In UKB, we extracted International Classification of Diseases, tenth revision (ICD-10) codes from in-hospital records, causes-of-death registries and cancer registries (UKB data fields 41202, 41204, 40001, 40002, 40006, and 40013). The National Health Service initiated the use of ICD-10 codes in April of 1995. In the Copenhagen cohort, ICD-8 and ICD-10 codes were collected from the national Danish Patient Registry and the national Danish Causes of Death Registry from January 1, 1977, to December 13th, 2018, and from the Danish Cancer Registry from 1943 through December 31, 2016 (last update of the registry). The National Danish Patient Registry has information on all patient contacts with all clinical hospital departments in Denmark, including emergency wards and outpatient clinics (from 1994). The national Danish Causes of Death Registry contains data on the causes of all deaths in Denmark, as reported by hospitals and general practitioners. The Danish cancer registry contains complete information on all cancer events for all Danish citizens, and all cancers in the registry are histologically verified. We defined ‘any liver disease’ as participants having received at least one of the following ICD-10 codes: K70-K77 (diseases of the liver), C22.0 or C22.9 (hepatocellular carcinoma) and/or (in the Copenhagen cohort) ICD Eighth Revision (ICD-8) 570–573 (diseases of the liver). Cirrhosis was defined as anyone having received K70.3 (alcoholic cirrhosis) and/or K74.6 (unspecified cirrhosis of liver) and/or (in the Copenhagen cohort) as individuals with ICD-8 codes 57.109 (alcoholic cirrhosis), 57.192 (unspecific cirrhosis), and/or 57.199 (cirrhosis of nonalcoholic causes). Biliary tract cancer was defined as anyone having received one of the following ICD-10 codes: C22.1 (intrahepatic bile duct carcinoma), C23 (malignant neoplasm of gallbladder), C24 (malignant neoplasm in other and unspecified parts of biliary tract). Viral hepatitis was defined as anyone having received one of the following ICD-10 codes B18 (chronic viral hepatitis), B17.1 (acute hepatitis C) and/or (in the Copenhagen cohort) ICD-8 57.193 (chronic viral hepatitis).

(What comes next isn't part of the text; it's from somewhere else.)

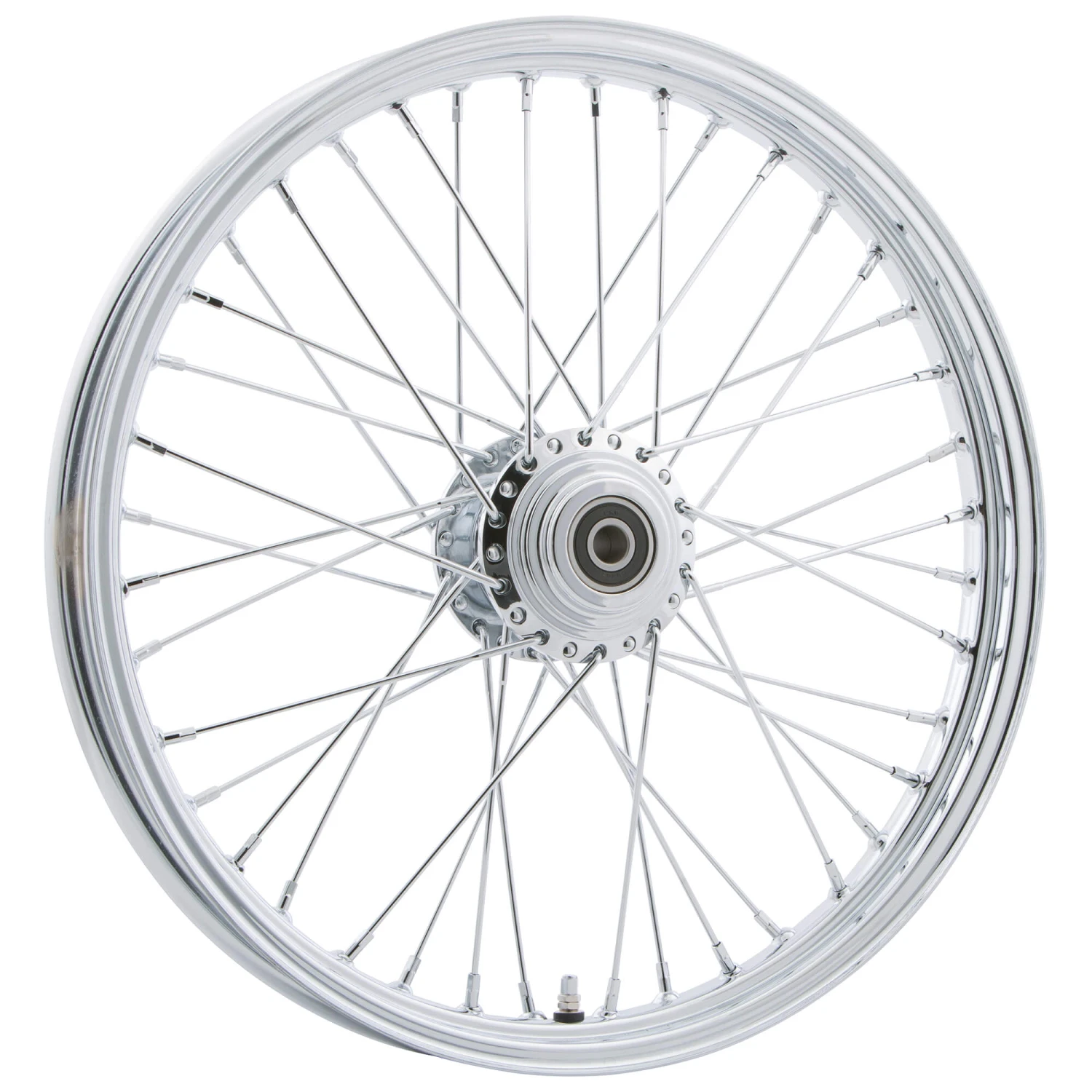 HardDrive Gloss Black and Chrome Spoked wheels are laced in a standard 40-Spoke pattern. Wheels come complete with spoke sealant, Chrome valve stem, inner sleeve and sealed wheel bearings (except the `84-99 fitment which comes with ¾” Timken bearings with an outer seal installed – greasing is required)

Neurological disease was defined by ICD-10 codes G0 to G9 in either cohort.

Statistical analyses

Statistical analyses were performed using R version 4.1.0. Genotypes were coded as 0 for noncarriers and 1 for heterozygote carriers of SLC30A10 p.Thr95Ile. There was a single homozygous carrier of the variant in the UKB. For statistical analyses, this individual was coded 1, and thus pooled with the heterozygotes. Kruskal–Wallis and chi-squared tests were used to test if continuous and binary variables were randomly distributed between genotypes. Associations with continuous and categorical variables were assessed using linear or logistic regression adjusted for age and sex, and (in the UKB) additionally adjusted for principal GWAS components 1 through 10 (to account for potential population stratification). As a sensitivity analysis, the effect of viral hepatitis on risk of liver disease and biochemical liver markers (ALT, AST, bilirubin, alkaline phosphatase and albumin) was tested first by including viral hepatitis status in the regression models and then in a separate analysis by excluding all known hepatitis cases before performing regressions. Interaction between genotype and other variables was tested by including a product term in the regression. To test for population stratification in the CCHS and the CGPS, genetic principal component 1 was plotted against principal component 2, stratified by SLC30A10 genotype or biliary tract cancer status. The genotypes used for the principal components analyses were derived from an Illumina Exome chip that had been previously genotyped in 7579 and 10,302 participants from the CCHS and CGPS, respectively.

Results

Baseline characteristics for the UKB and the Copenhagen cohort, stratified by SLC30A10 p.Thr95Ile genotype, are shown in Table 1. Of the 334,886 UKB participants, 816 were heterozygous for p.Thr95Ile, and a single person was homozygous for the variant. Among the 113,612 participants from the Copenhagen cohort, 111 were heterozygous for p.Thr95Ile. Baseline characteristics did not differ by SLC30A10 genotype in either cohort, except for viral hepatitis status, which was more prevalent among heterozygous carriers in the Copenhagen cohort.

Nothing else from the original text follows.